Usage models are useful in the analysis of complex systems because they allow the discovery of system requirements that define an abstract architecture that meets these requirements. The architecture can be instantiated into a usable solution for a particular situation. These relationships are depicted in Figure 1.
The mapping of these concepts is eminently bi-directional. For instance, an application end user looking for a particular solution can usually make inferences about what specific grid architectures will (or will not) fit the particular solution. Likewise, for a given architecture, it is possible to carry out a formal analysis to find out the range of problems for which the architecture yields effective solutions. One trivial example is the class of problems known as “embarrassingly parallel” such as Monte Carlo simulations that can be run in a distributed environment with little communication. A grid designed to run these problems need not have a large portion of the capital investment allocated to the communication subsystem.When we apply the hierarchical grid framework to a particular grid, we discover that there exist unique usage models for each layer in the framework as illustrated in Figure 2. Usage models in one layer may have users (i.e., constituencies and use cases that are particular to that layer). In a large organization it is not uncommon to see constituencies in different layers at odds with each other.
For instance, in the Business Grid, a user is the chief financial officer (CFO) for the organization. The usage model could be the procurement model, and specific use cases are out-sourcing and in-sourcing grid services. The CFO is interested in minimizing the overall investment cost, which may be in conflict of the technical staff who want a powerful, possibly expensive system on which to run their applications. Yet another player is the IT staff making the actual purchases and providing maintenance services. The CIO would like to select equipment with the highest ROI and lowest operating costs.
Figure 2 shows one example of these ideas using the physical grid. CPUs sit at the lowest layer in the grid framework. We observe that ordinary application users have little interaction with CPUs (as physical devices). The actual user at this level is a hardware design engineer into specific 1-, 2-, or 4-processor solutions. Also note that although a processor has certain memory bandwidth capability, the actual bandwidth is determined by the chipset selected (selection is also the job of a design engineer).
The requirement for the actual memory performance is ultimately determined by the chipset. This is to say that the layer above comprising chipsets imposes requirements on the CPU layer. Without these requirements, one would arrive at the erroneous conclusion that programs run faster off the cache, and hence memory is only an unnecessary complication. This is, of course, not the case because applications running at the node level have specific memory space requirements. These requirements get passed down to the lower layers; logical connections exist between layers: requirements are passed from one level to the next.

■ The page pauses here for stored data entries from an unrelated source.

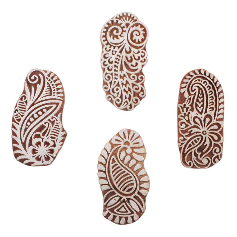 Set of 4 Piece New Mix Wooden Printing Block. Ideal for use on Fabric, Paper, Canvas, etc. These Blocks can be use to Print with Oil Colors, Fabric Colors, Water Colors, Acrylic Colors and Vegetable Colors.
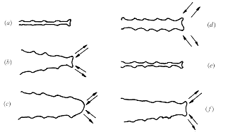· In stage-II, the crack changes direction and grows in length normal to the tensile axis. · In this stage, dislocations on planes of maximum resolved shear stress move in each stress cycle and cause the crack tip to advance. Periodic sharpening and blunting of the crack occurs under this reversed stressing condition as illustrated below.
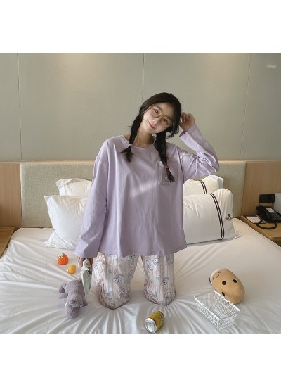 women's long sleeve cotton pajamas cartoon round neck Pullover two piece sleepwear setsNo: osali636689484913
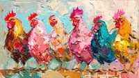 De hanen staan trots en zelfverzekerd, hun kleurrijke verenpracht in dik aangebrachte verf creëert een rijke textuur die bijna van het doek af lijkt te springen. Het palet varieert van diep rood en oranje tot helder blauw, roze en geel, wat elk dier een uniek karakter geeft. De achtergrond, geschilderd in rustige blauwe en crèmekleurige tinten, vormt een zachte tegenstelling met de felle kleuren van de hanen. Deze compositie straalt energie en levendigheid uit en is een viering van kleur en beweging.
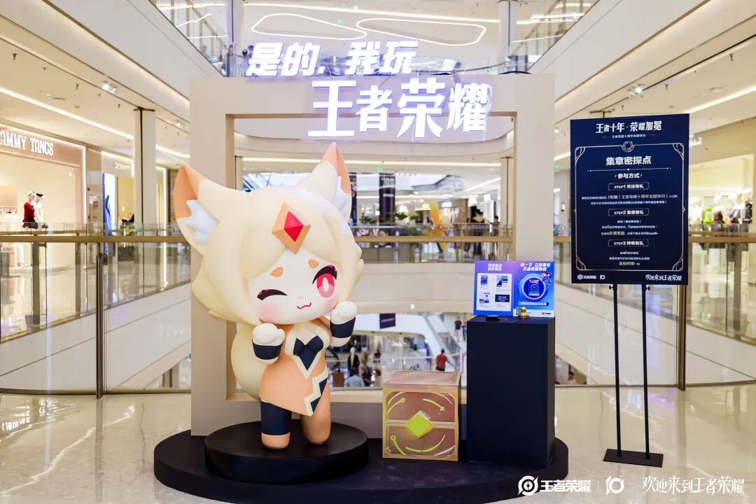 王者荣耀十周年庆典之际,南京玄武花园城作为本次庆典的核心阵地,结合王者荣耀特权快闪店,打造了一场覆盖商业、文旅多领域的沉浸式嘉年华。腾讯游戏人生策划运营组织,让王者荣耀英雄主题打卡点位遍布各楼层,从峡谷地貌复刻到角色技能可视化装置,让玩家仿佛置身游戏世界,吸引大量年轻玩家到场体验。
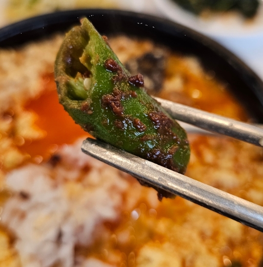 그리고 된장 양념으로 버무린 매운 고추가 정말 매콤해서 짬뽕순두부보다 몇 배는 더 매웠지만, 그 매운맛도 일품이었어요. 계속 먹게 되는 묘한 매력.

A certain balance needs to exist across layers for the whole system to be viable. A high performance system cannot be built if it is so expensive that it breaks the budget. Any system represents a compromise that is acceptable to all constituencies involved.

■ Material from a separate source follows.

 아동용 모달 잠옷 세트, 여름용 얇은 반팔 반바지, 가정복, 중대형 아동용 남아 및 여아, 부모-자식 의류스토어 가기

The classical usage model of cycle scavenging for grids—where middleware is used to harvest otherwise unused cycles in workstations and servers—is a usage model applicable to the visible grid layer. The grid application user community benefits from this resource, but these cycles tend to be of low quality: the resource can be preempted any time by the owner of the workstation. The owner experiences deterioration in the responsiveness of the workstation. The workstation will likely need to be provisioned with more memory and storage, negating some of the economic benefit of dual use. Likewise the IT department providing service will likely spend more in labor and software licenses to maintain the equipment.
A cost/benefit analysis across two or three levels may indicate that a better solution is to implement a grid with dedicated hardware, that is, hardware that is shared as a grid but fully dedicated to grid use.

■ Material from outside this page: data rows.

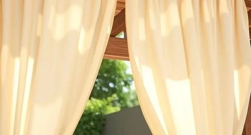 Ответ: Выбирайте цвет штор, который гармонирует с цветом беседки и окружающим ландшафтом.
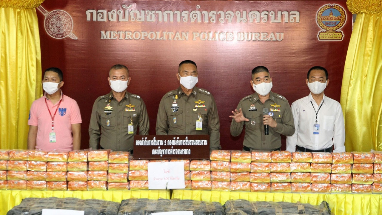 สืบนครบาลสกัดยาไอซ์บิ๊กลอต 600 กก.ลงใต้ เปิดเผยขึ้นเมื่อเวลา 10.30 น. วันที่ 17 ก.ค. ที่กองบัญชาการตำรวจนครบาล (บช.น.) พล.ต.ท.ภัคพงศ์ พงษ์เภตรา ผบช.น. พล.ต.ต.พีระพงศ์ วงษ์สมาน รอง ผบช.น. พล.ต.ต.อิทธิพล อัจฉริยะประดิษฐ์ รอง ผบช.น. พล.ต.ต.สันติ ชัยนิรามัย ผบก.สส.บช.น. ร่วมกันแถลง ข่าว พ.ต.อ.พรศักดิ์ เลารุจิราลัย ผกก.สส.2 บก.สส.บช.น. พ.ต.ท.เจษฎาภรณ์ อ่อนทองคำ รอง ผกก.สส.2 บก.สส.บช.น. จับกุมนายวุฒิชัย วงศ์พิพันธ์ อายุ 28 ปี อยู่บ้านเลขที่ 95/85 หมู่ 1 ต.บางกุ้ง อ.เมืองสุราษฎร์ธานี ข้อหามียาเสพติดให้โทษประเภท 1 (ยาไอซ์) ไว้ในความครอบครองเพื่อจำหน่ายโดยผิดกฎหมาย พร้อมของกลางยาไอซ์ 600 กก. มูลค่ากว่า 70 ล้านบาท รถสิบล้อพ่วง ยี่ห้อนิสสัน ยูดี ทะเบียน 70-0692 กระบี่ ส่วนพ่วง ทะเบียน 70-0693 กระบี่
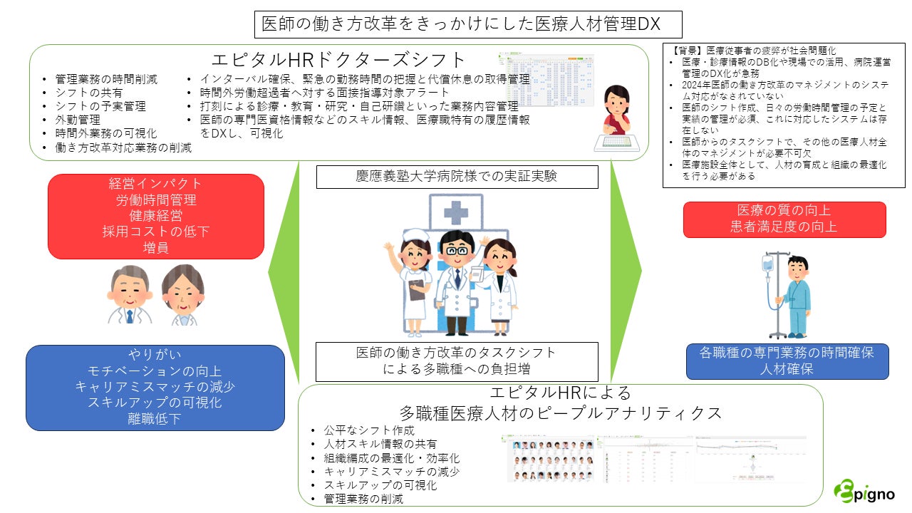 具体的には、エピタルHRドクターズシフトにより医師のシフトの AI 自動生成の精度を向上させ、医師特有の働き方に対応し、医師やクラークのシフト作成時間の短縮を図ります。シフトを院内で共有することで、どこに誰がいるのかオンラインで共有できます。予定情報であるシフトは、時間外労働時間規制に対応したインターバルが確保され、時間外労働時間、インターバル中の緊急の勤務時間の把握と代償休息の取得管理、時間外労働超過者へ対する面接指導対象アラート、打刻による診療・教育・研究・自己研鑽といった業務内容管理などを可能とします。慶應義塾大学病院にて実証を行ったのち運用にのせ、病院の勤怠システムと連携を目指します。
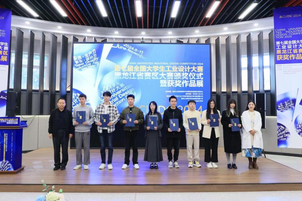 近日,第七届全国大学生工业设计大赛黑龙江赛区颁奖仪式在哈尔滨工业大学建筑与设计馆举行,我校机电工程系机械设计制造及其自动化专业学生李子昂、方瞻未、明海军荣获黑龙江赛区一等奖(晋级国赛),龙凯、高原、余显义荣获黑龙江赛区三等奖。机电工程系高鹏老师获评优秀指导教师。
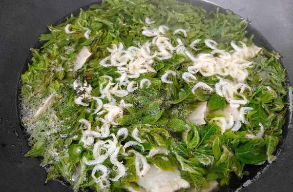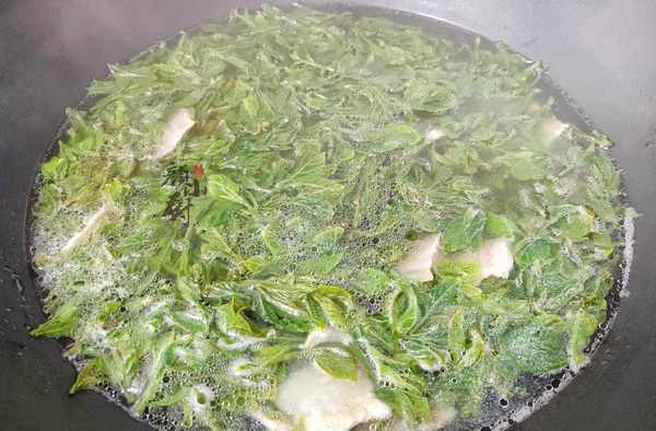 第八步:煮開後把大青葉倒入鍋中煮,再次煮開後。
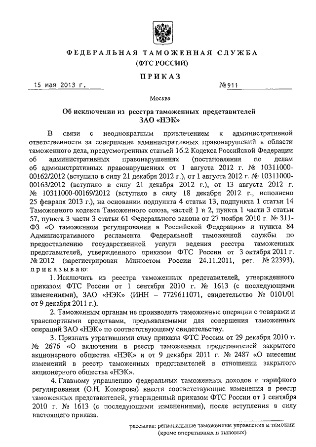 ПРИКАЗ ФТС РФ от 15.05.2013 N 911
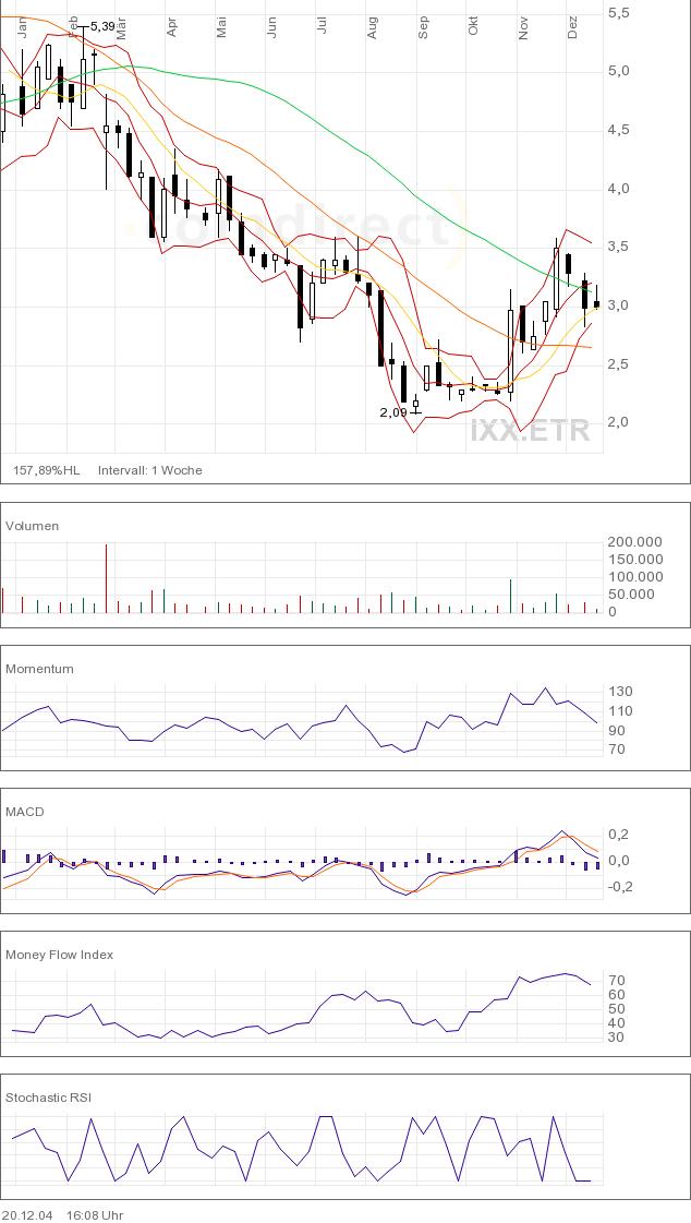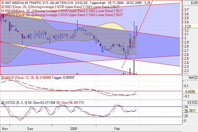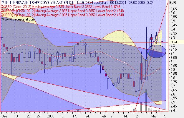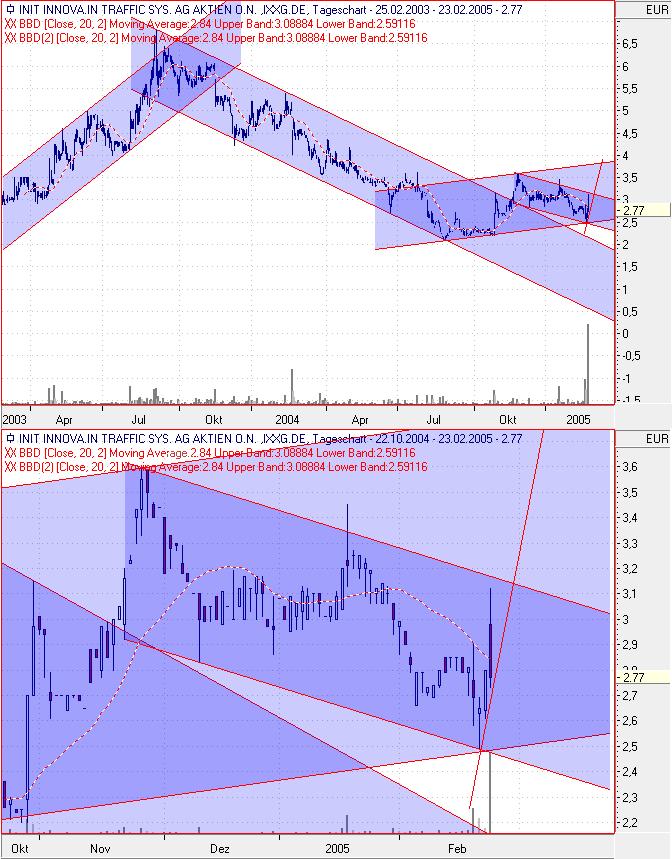 Und ich rate allen die Papiere zu halten. Init wird scheinbar gerne in Trends gehandelt und momentan sieht es nach einem kurzfristigen Up aus. Zahlen waren im Rahmen der Erwartungen, da wurde Kasse gemacht. Mal zur Entscheidungshilfe ein Langfristchart und und die Lupe daraus für die vergangenen Wochen. Für den Fall, daß der äußerst steile Aufwärtstrend sich nicht als Fake herausstellt, wäre ab ca. 3,15 Euro wieder Platz nach oben. In dem Bereich unbedingt auf das Volumen achten, wenn da abverkauft wird sollten ebenfaslls Gewinne realisiert werden. Absichern würde ich z.Zt. bei 2,50 Euro bzw. spätestens 2,40 Euro.
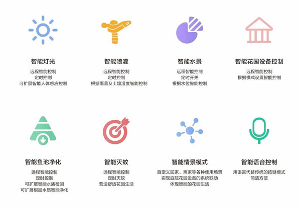 作為智能化庭院的核心“花園智寶”具有以下幾大板塊:智能燈光、智能噴灌、智能水景、智能花園設(shè)備控制、智能魚池凈化、智能滅蚊、智能情景模式、智能語(yǔ)音控制。
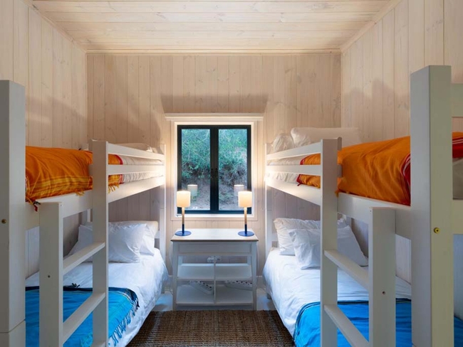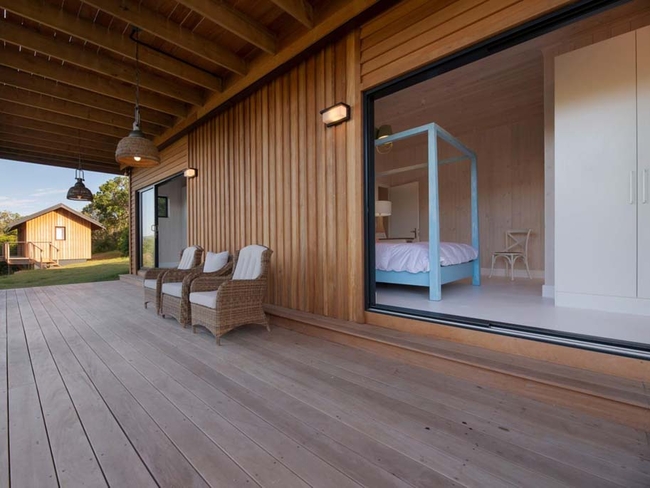 The two timber cabins, each featuring two bedrooms, are located 20 meters from the main house. Each cabin includes a shared bathroom situated between the bedrooms, fitted with a shower, basin, and toilet. Both cabins offer flexibility in sleeping arrangements, with beds that can be converted into either a king-size bed or twin beds upon request. The cabins are accessed via steps leading to a small landing.

We hinted at some of the Business Grid usage models. Data grids are more than virtualized storage systems and could lead the way to new usage models and business models, which boil down to Business Grid usage models. For instance, a grid with 10,000 data nodes is effectively a device with 10,000-fold redundancy. The aggregation of so many nodes can be an advantage to reduce the probability of data loss. An application could implement a file system provably designed to meet virtually any level of reliability. It can spread out the data in the files so widely that the system behaves like a hologram: even if many of the nodes are lost, it would still be possible to recover all of the original data from the remaining ones. Storage need not be in-sourced; it could be outsourced and brokered to different data service providers.
The geographical spread is not always disadvantageous; consider the following analogy in the movie industry: The traditional method for a movie studio to release a motion picture is by physically shipping film cans to movie theatres; this is the film industry version of the sneaker net. It is only a matter of time until the entire distribution process becomes digital, where a movie is digitally transmitted and exhibited with a digital projector. The storage required for a theater-quality motion picture can span several terabytes. Using a central server for sending copies to every movie theater in the world is obviously an inefficient way of using long-haul Internet connectivity. Instead, the servers in each theater can be conceived of as nodes in a data grid. Using a tree topology, the studio could send copies of the file to a few designated distribution points in each country or state. Copies would then be sent from the distribution points to a local distribution point in each city, and then locally to all theaters within a city.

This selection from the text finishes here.